* ACTIVITY *
Leave out all pictures. Extract exactly the lines from the one containing "Eine einfache Geschichte" through the end of the data.
%%
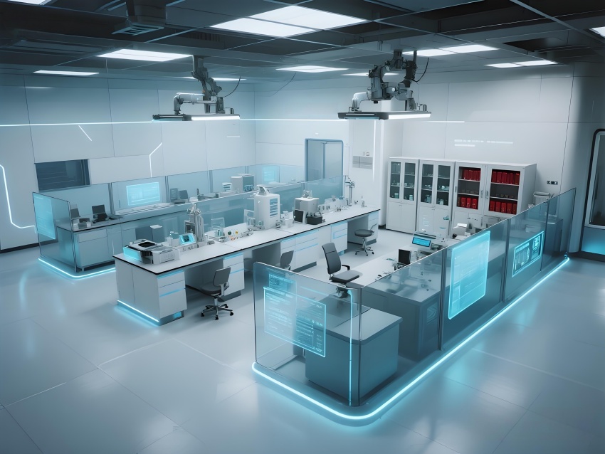 本設計以"科技賦能生命"為核心理念,構建純凈高效的研發環境。主體采用冰川白與醫用藍的漸變配色,墻面嵌入動態生物分子結構LED裝飾,營造科研儀式感。實驗區采用模塊化懸浮工作臺,透明智能玻璃隔斷實現空間通透性與功能分區的完美平衡。頂棚的流線型送風系統與地面熒光導視帶形成立體動線指引。核心無菌區采用圓形穹頂設計,搭配全息投影滅菌提示界面。數據分析中心配備曲面智能白板墻,實時可視化研究數據。危化品存儲區通過紅色光暈警示與物理隔離確保安全。整體空間融合醫療級潔凈美學與科幻實驗室語言,在嚴謹中注入未來感,通過智能交互界面與人性化燈光系統,打造國際一流水準的醫藥研發矩陣空間。
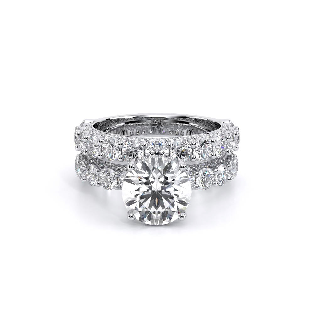 Couture-0488R20 is an elevated four-prong engagement setting designed to highlight your center stone. Meticulously-set round diamonds in a shared-prong setting wrap the elegant shank, enhanced with a pave-set three-quarter diamond riviera. The Verragio signature crest completes the statement look.
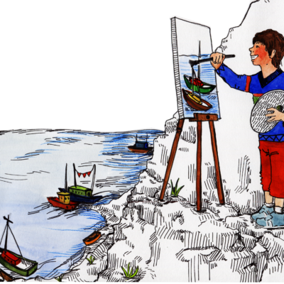 Eine einfache Geschichte über Riesen, die mit Kieseln auf Räder zielen und dabei alle Tiere erschrecken.
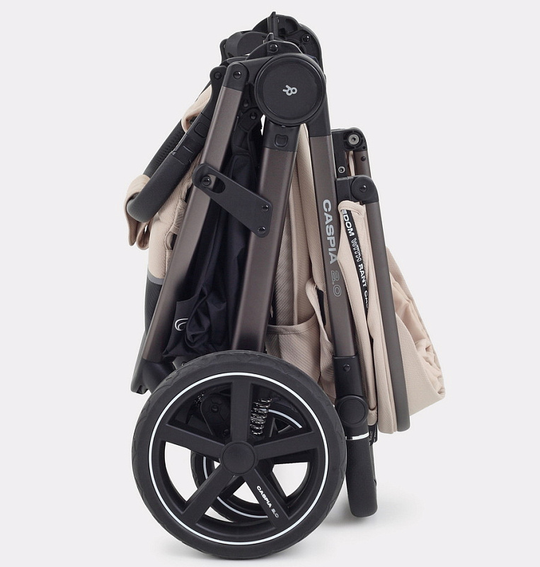 - сложенная коляска устойчиво стоит в вертикальном положении
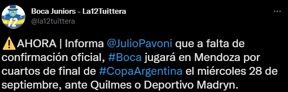 Según la información que publicó el periodista Julio Pavoni, a Boca ya le llegó una notificación oficial de cuando deberá jugar su partido. A la espera de que Quilmes y Deportivo Madryn deban jugar, el conjunto xeneize tiene fecha definida. En principio, el partido por los cuartos de final se estaría jugando el 28 de septiembre cuando se enfrenten esos conjuntos.
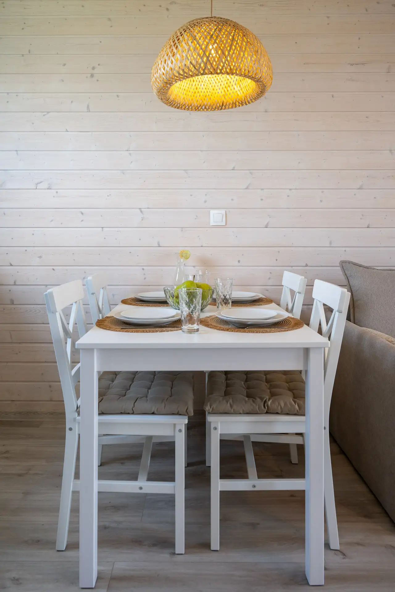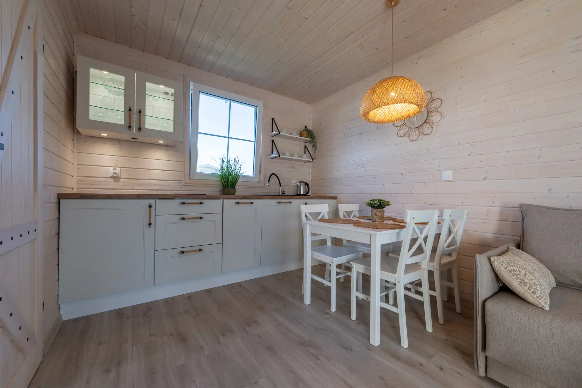 - aneks kuchenny (stół jadalny dla 4 osób, lodówka, płyta indukcyjna 2-palnikowa, zlewozmywak z ociekaczem, zmywarka, garnki, patelnie, czajnik bezprzewodowy, sztućce, talerze, ekspres do kawy),
%%
* ANSWER TO THIS EXERCISE *
 Eine einfache Geschichte über Riesen, die mit Kieseln auf Räder zielen und dabei alle Tiere erschrecken.
 - сложенная коляска устойчиво стоит в вертикальном положении
 Según la información que publicó el periodista Julio Pavoni, a Boca ya le llegó una notificación oficial de cuando deberá jugar su partido. A la espera de que Quilmes y Deportivo Madryn deban jugar, el conjunto xeneize tiene fecha definida. En principio, el partido por los cuartos de final se estaría jugando el 28 de septiembre cuando se enfrenten esos conjuntos.
 - aneks kuchenny (stół jadalny dla 4 osób, lodówka, płyta indukcyjna 2-palnikowa, zlewozmywak z ociekaczem, zmywarka, garnki, patelnie, czajnik bezprzewodowy, sztućce, talerze, ekspres do kawy),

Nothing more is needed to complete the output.